Dr Lloyd Trenton (Kent Taylor) aided by dwarf lab assistant Dorro (Angelo Rossitto) prepares to remove the brain of Abdul Amir in Brain of Blood (1971)
Dr Lloyd Trenton (l) (Kent Taylor) aided by dwarf lab assistant Dorro (Angelo Rossitto) (r) prepares to remove the brain of Abdul Amir

Al Adamson’s films often look like they have been cobbled together from bits and pieces of other films he started shooting but didn’t have the money to complete. While still a shabby film, Brain of Blood is one of the more competent that Adamson made. It at least has a linear rather than patchwork plot. Adamson creates an entertainingly trashy mix – Angelo Rossitto’s dwarf lab assistant for no clear reason keeps two girls imprisoned in a dungeon where he tortures them for his own enjoyment. There is an extremely gory brain transplant scene within the first few minutes – although when we actually see the removed brain placed on a tray, it looks nothing like a brain and more like some animal liver. Adamson throws in random car chase and fight sequences that go on for minutes at a time.

Brain of Blood also has one of the better casts that Adamson worked with. This includes Grant Williams, no less than The Incredible Shrinking Man (1957) himself, as the doctor on the run. As the mad scientist is Kent Taylor, a B movie actor of the 1940s who became an Adamson regular when his career went into a decline.

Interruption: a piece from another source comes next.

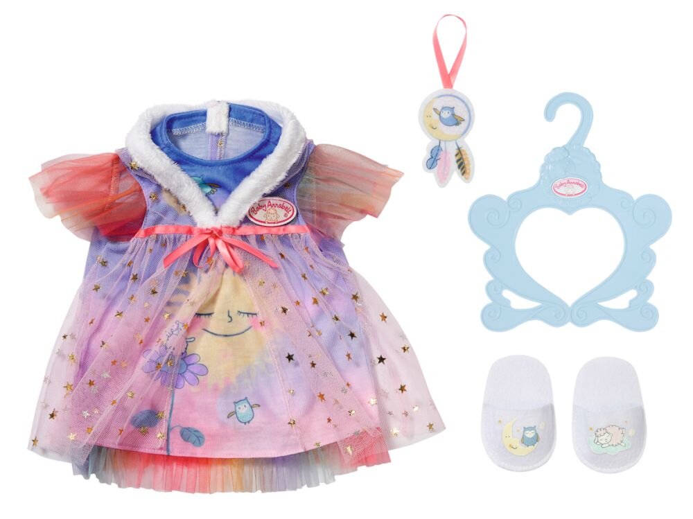 Baby Annabell se každý večer, když jde spát, těší na svou noční košilku Sladké sny – není divu, hravé šatičky s jemným potiskem a tylovými rukávy jsou perfektním oblečením, aby se v postýlce Sladké sny nechala unášet do země snů. Lapač snů ji chrání před zlými sny a pantoflíčky udrží nohy v teple.

There is also an undeniable freakshow appeal to some of the casting. This includes John Bloom, a 7’4” actor that Adamson cast as his Frankenstein monster and who throughout his career played roles in The Incredible 2-Headed Transplant (1971) and The Dark (1979), even appeared in Star Trek VI: The Undiscovered Country (1991). At the other end of the scale is 2’11” actor Angelo Rossitto who had a long career between the silent era and the 1980s in everything from Freaks (1932) to Mad Max Beyond Thunderdome (1985) and Orson Welles’ The Other Side of the Wind (2018).

Brain of Blood invariably ends up being the same old Al Adamson film. Despite stirring an interesting pot, the last half feels like no more than a B-budget Frankenstein film with the hulking, facially disfigured creature with a massively enlarged cranium stumbling across the countryside creating havoc and the various attempts to apprehend it.